DATA EXCERPT.
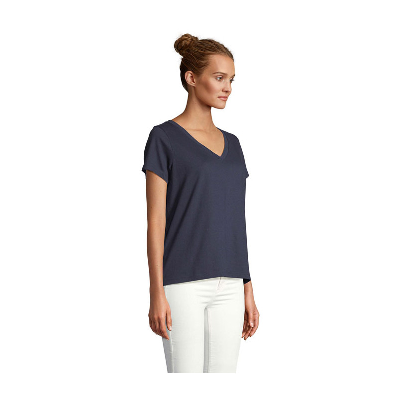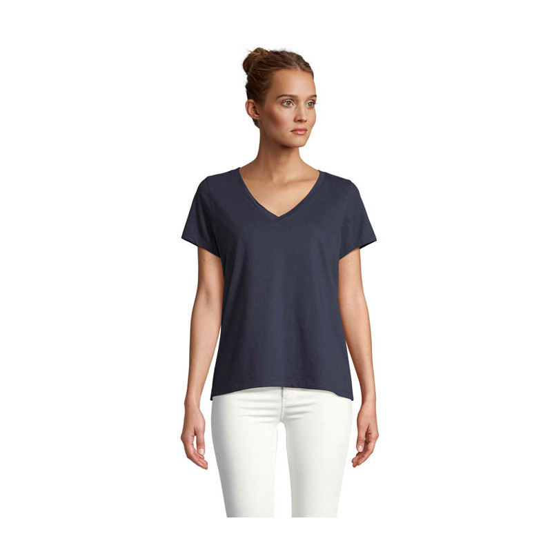 Women's V-neck cotton t-shirt. With a modern tubular cut, it is the perfect personalized promotional gift to ensure comfort and a modern style in uniforms or corporate events.
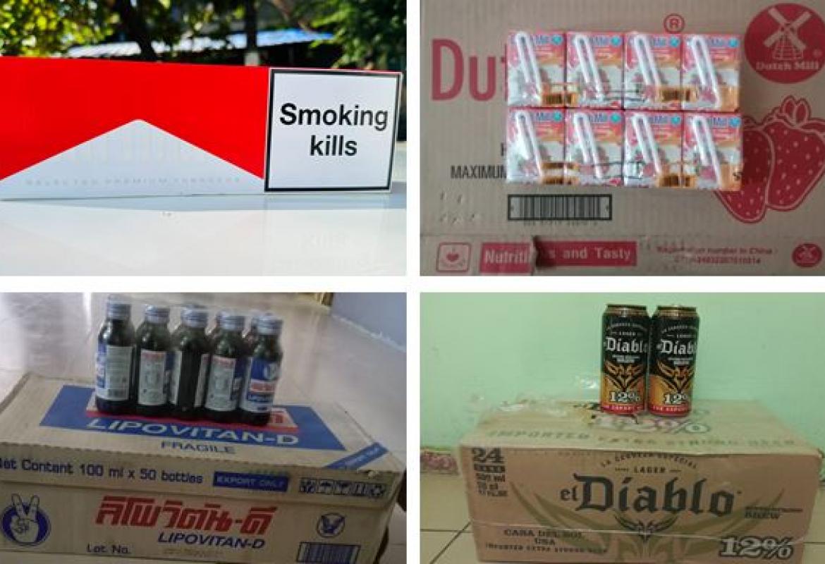 တရားမဝင် ၊ စားသောက်ကုန်ပစ္စည်းများ၊ လူသုံးကုန်ပစ္စည်းများ၊ လုပ်ငန်းသုံးပစ္စည်းများ၊ စက်သုံးဆီများ၊ မော်တော်ဆိုင်ကယ်နှင့် မော်တော်ယာဉ် ဖမ်းဆီးရမိ
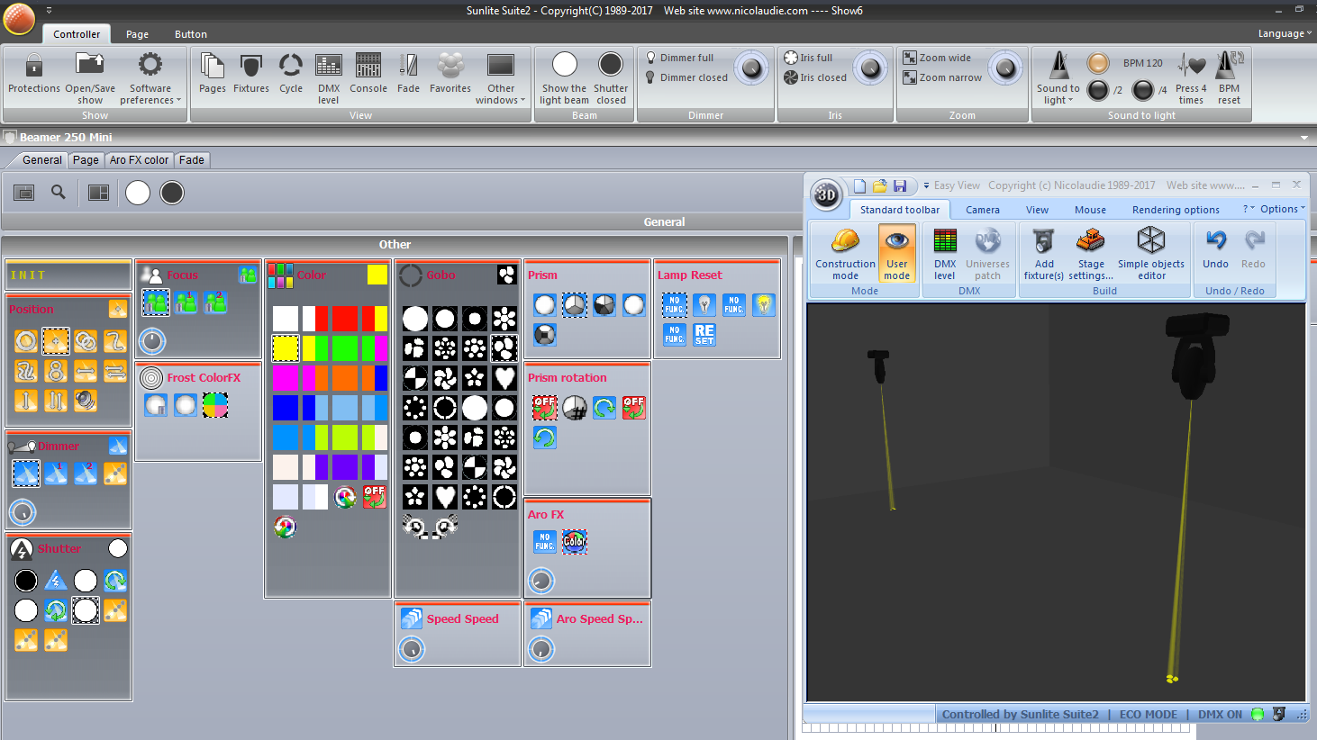 Librería de Sunlite Suite 2 P/ Beamer 250 Mini de Tecshow ( con Aro Led )

EXERCISE. Please write out the whole listing exactly, but not the pictures in it.

SOLUTION TO THE EXERCISE.
 Women's V-neck cotton t-shirt. With a modern tubular cut, it is the perfect personalized promotional gift to ensure comfort and a modern style in uniforms or corporate events.
 တရားမဝင် ၊ စားသောက်ကုန်ပစ္စည်းများ၊ လူသုံးကုန်ပစ္စည်းများ၊ လုပ်ငန်းသုံးပစ္စည်းများ၊ စက်သုံးဆီများ၊ မော်တော်ဆိုင်ကယ်နှင့် မော်တော်ယာဉ် ဖမ်းဆီးရမိ
 Librería de Sunlite Suite 2 P/ Beamer 250 Mini de Tecshow ( con Aro Led )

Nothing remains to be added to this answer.